照明で動くビーコン、施設内の位置情報サービス活用を手軽に:FM
施設に位置情報を活用したサービスを導入する際に有効なビーコン。しかし電池の交換や電源の確保などの手間はなるべく抑えたい。こうしたニーズを見込み、大日本印刷は電池の交換や充電が不要な「DNPソーラー電池式Bluetoothビーコン」を開発した。
大日本印刷(DNP)は低照度の人工照明の光でも動作できる「DNPソーラー電池式Bluetoothビーコン」をこのほど発売した(図1)。同社が2016年秋をめどに開始予定の、IoT(Internet of Things、モノのインターネット)を活用した位置情報サービスの提供に向けた取り組みの第1弾製品となる。今後流通や小売り、空港や鉄道などの屋内施設を持つ企業向けに販売するとともに、関連デバイスやバックエンドシステムの開発を進めていく方針だ。
近年、施設内において人の位置情報を活用したサービスを導入する事例が増えてきた。同時に商業施設や空港、駅構内などの複雑な構造の屋内施設でGPSやWi-Fiよりも動作が安定しており、スマートフォンに向けて手軽に施設案内やクーポン配信などができる仕組みとして、ビーコンを利用するケースが増えている。しかしビーコンの多くは電池やAC電源が必要であり、設置後の電池交換や電気工事の作業負荷や費用が掛かるといった課題があった。

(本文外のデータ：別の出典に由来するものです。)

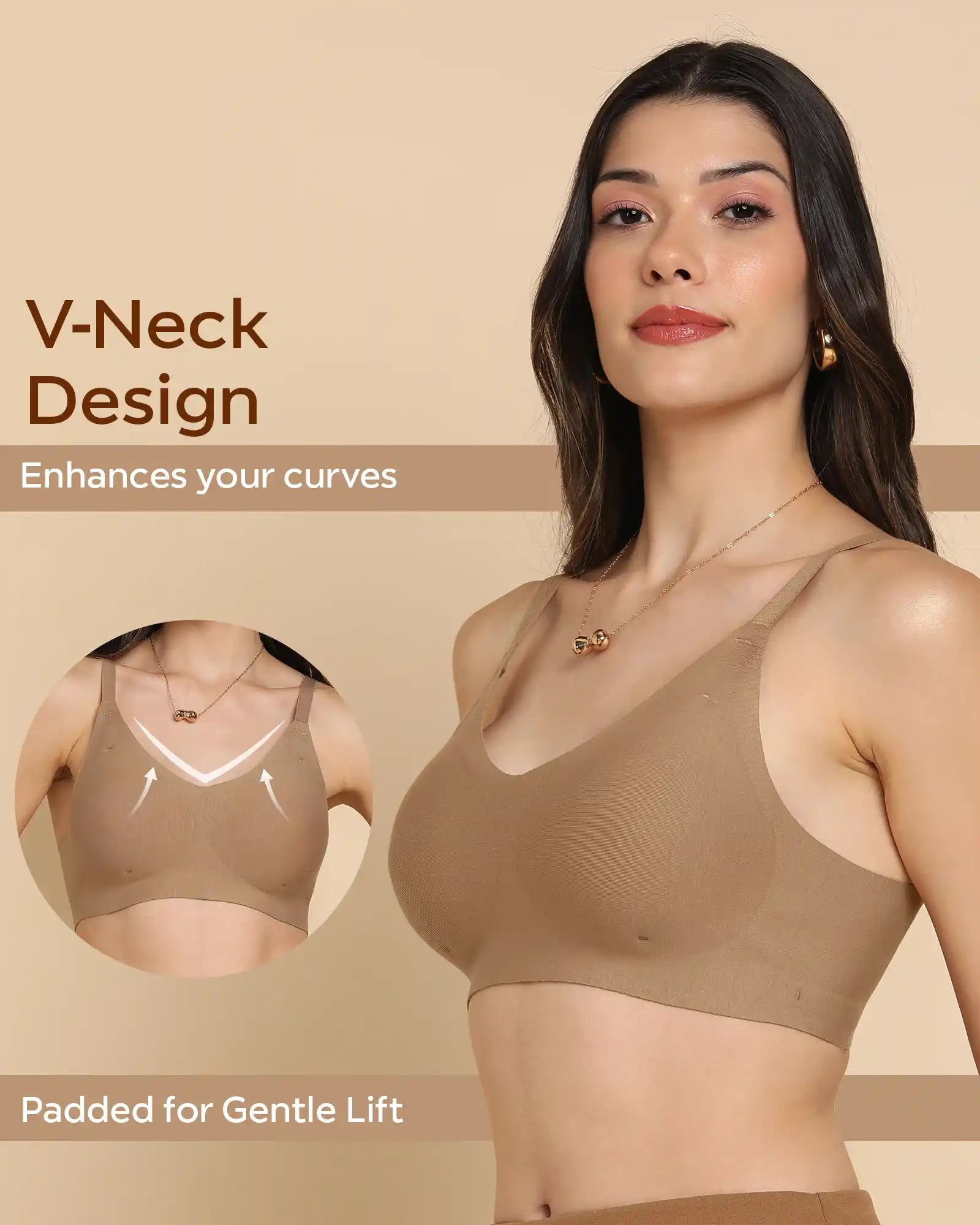Bonded Bras are designed without wires, stitches, or elastic that can dig in. It’s super soft, seamless, and stays invisible under clothes, offering all-day support and comfort without any irritation.

DNPはこれまで空港や駅構内などでビーコンを利用したクーポン配信や屋内ナビゲーションなどの実証実験を行ってきた実績がある。こうした経験をもとに今回、これらの課題の解決を目指して、低照度の人工照明でも安定的に稼働し、メンテナンスなどの作業負荷を軽減する同製品の販売を開始したもの。
同製品はデパートの一般陳列棚におけるJIS照度基準を参考として、照度1000ルクスで安定的に100ミリ秒(1秒間に10回)の信号発信ができる。屋内人工照明の光(200〜1000ルクス)で動作し、低照度下での安定性は、同タイプのビーコンと比較してトップクラスという。
iBeacon、Eddystone-UID、Eddystone-URLの3種類のビーコン規格に対応しており、いずれかに設定できる。OSはiOSやAndroidなど、スマートフォンのOSを選ばない。ビーコン設置後の設定変更作業の負荷を軽減するため、スマートフォンアプリから無線で動作設定を変更できる機能を搭載している。外形寸法は63×115×12ミリメートル。重量約65グラム。参考価格は1台当たり税別1万5000円で、ロットによって個別に見積もる。なお、同端末は、羽田空港第1ターミナルで日本航空が提供する「国内線保安検査場待ち時間ご案内サービス」のスマートフォンアプリ向けに先行導入されている。
DNPは流通・小売、外食、アミューズメント、空港、鉄道、高速道路など、屋内施設をもつ企業に向けて同製品を販売し、ビーコンを活用した位置情報サービスおよび関連業務(アプリ開発、サーバ提供、運営など)を含めて3年間で6億円の売上高を目指す方針だ。